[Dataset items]
※ ※ ※

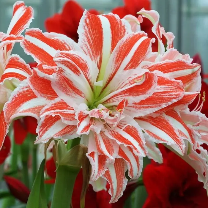 Амариллис Dancing Queen. Разбор 24/26. Восхитительная танцующая королева очаровывает своим видом с первого взгляда. Ее махровые цветочки окрашены в красно-оранжевый цвет с белыми прожилками на каждом лепестке. Цветоносы высотой 40-50 см удерживают на себе 2-4 пышных бутона одновременно. Растение высаживается в горшки и служит украшением комнаты, балкона, террасы, а в теплое время года может расти в открытом грунте на клумбе.
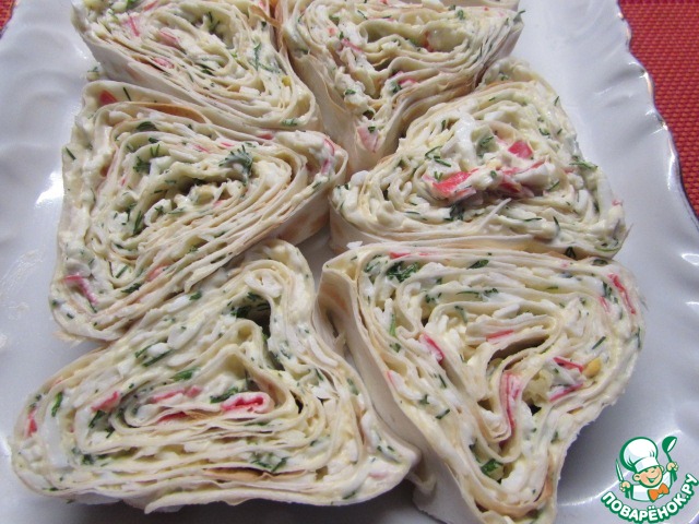 Ну конечно, получилось вкусно. Лаваш у меня был подсохший, но после того, как нарезанные кусочки полежали в холодильнике, все стало гармоничным единым целым.
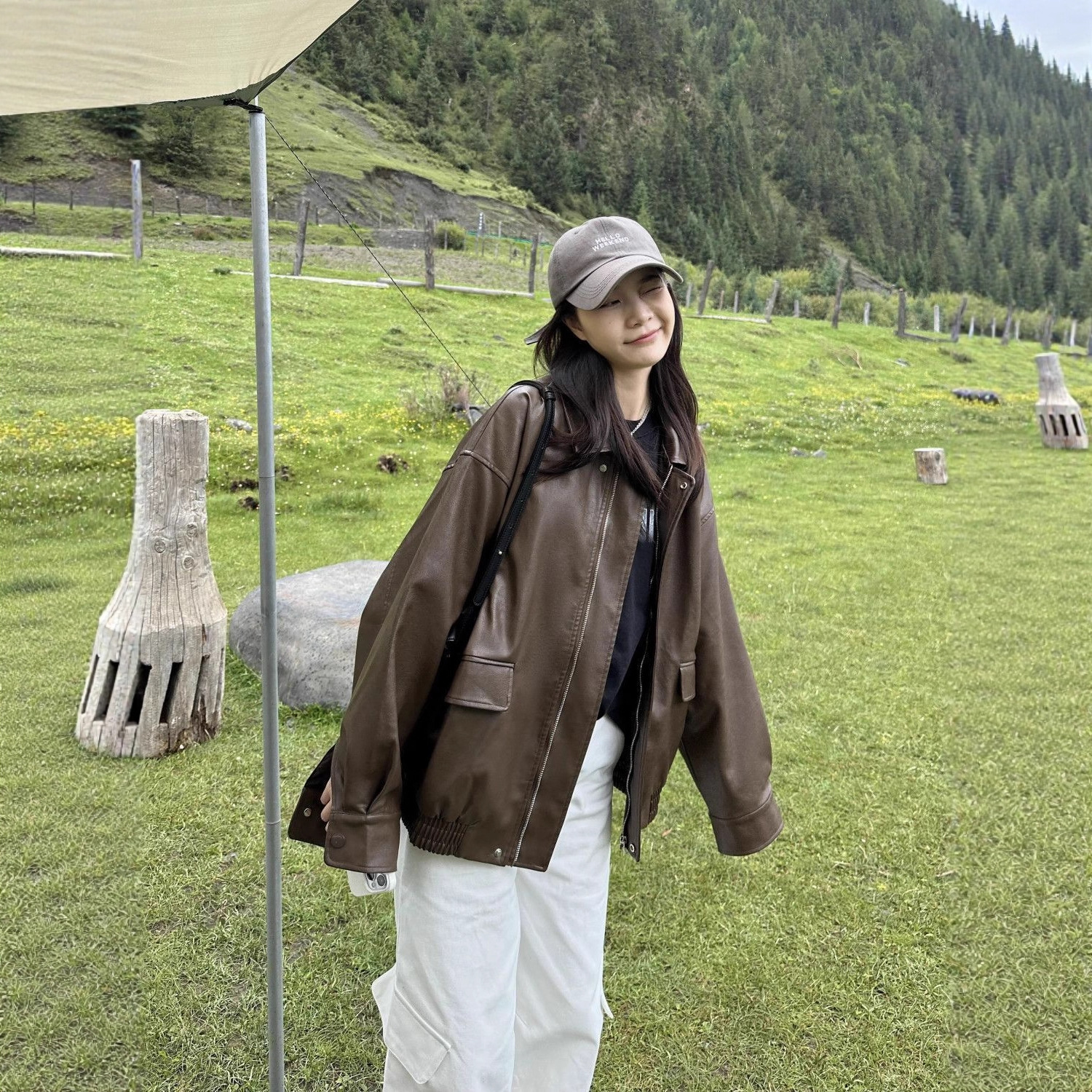 メイラードレザージャケットレディース2025春新作人気レディースブラウンアメリカン香港スタイルレトロハイエンドバイク
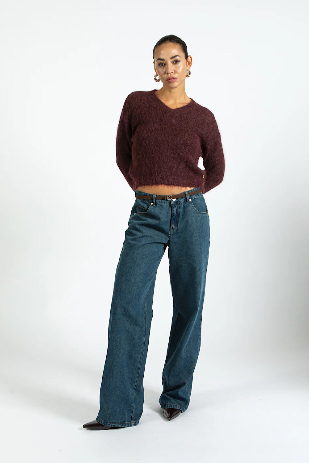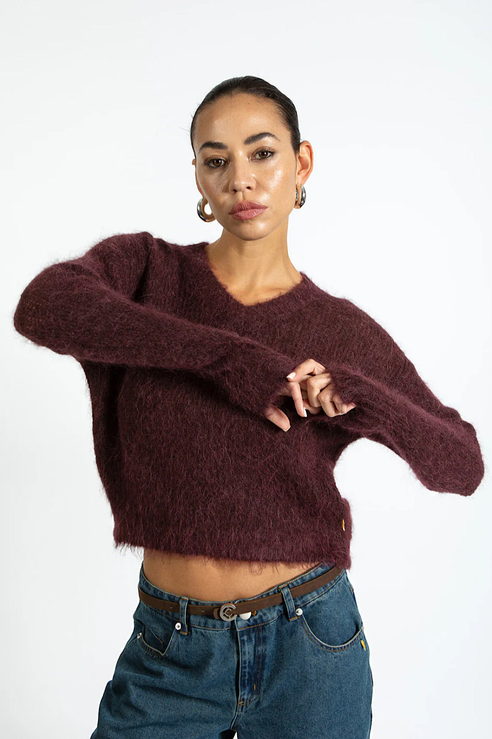 Jersey con escote de pico en un color burdeos precioso y muy en tendencia.
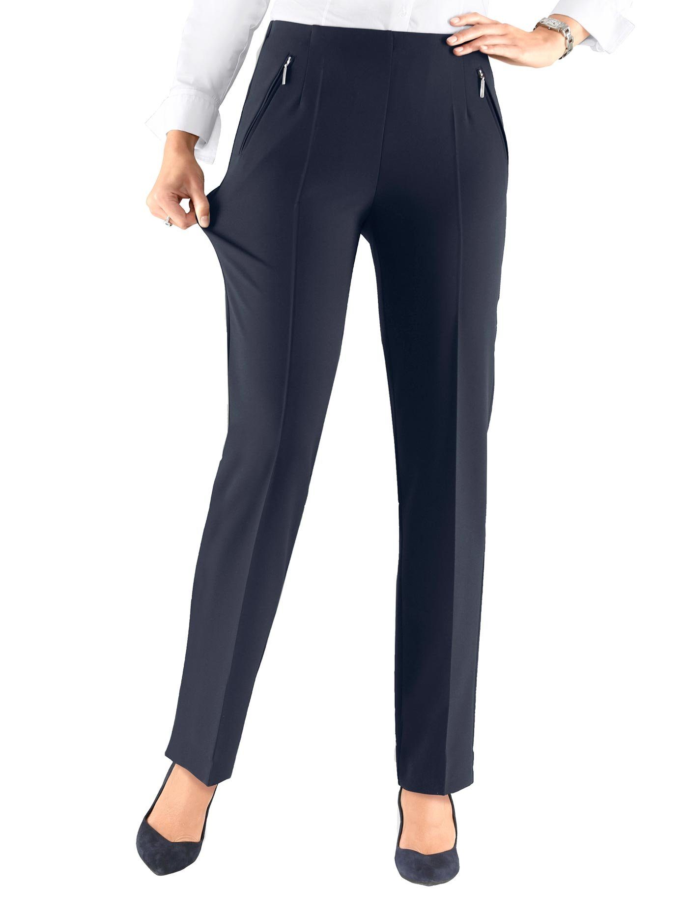 Maximaal draagcomfort: heerlijk zachte broek van Adelina in bewegingselastische, vormvaste Magic-stretchkwaliteit. Rondom elastische band, voor glad verwerkt. Ritszakken opzij met zilverkleurige rits. Stijlvolle persplooien. Ook ideaal op reis. N-maten: binnenbeenlengte ca. 77 cm. K-maten: binnenbeenlengte ca. 72 cm. 88% polyester, 12% Elastan. Machinewas.

※ ※ ※

**WORK TO COMPLETE:**
Please give again the entries word for word, starting at the first line and ending with the line that contains "Jersey con escote"; include both of those lines but none of the pictures.

**EXERCISE SOLUTION:**
 Амариллис Dancing Queen. Разбор 24/26. Восхитительная танцующая королева очаровывает своим видом с первого взгляда. Ее махровые цветочки окрашены в красно-оранжевый цвет с белыми прожилками на каждом лепестке. Цветоносы высотой 40-50 см удерживают на себе 2-4 пышных бутона одновременно. Растение высаживается в горшки и служит украшением комнаты, балкона, террасы, а в теплое время года может расти в открытом грунте на клумбе.
 Ну конечно, получилось вкусно. Лаваш у меня был подсохший, но после того, как нарезанные кусочки полежали в холодильнике, все стало гармоничным единым целым.
 メイラードレザージャケットレディース2025春新作人気レディースブラウンアメリカン香港スタイルレトロハイエンドバイク
 Jersey con escote de pico en un color burdeos precioso y muy en tendencia.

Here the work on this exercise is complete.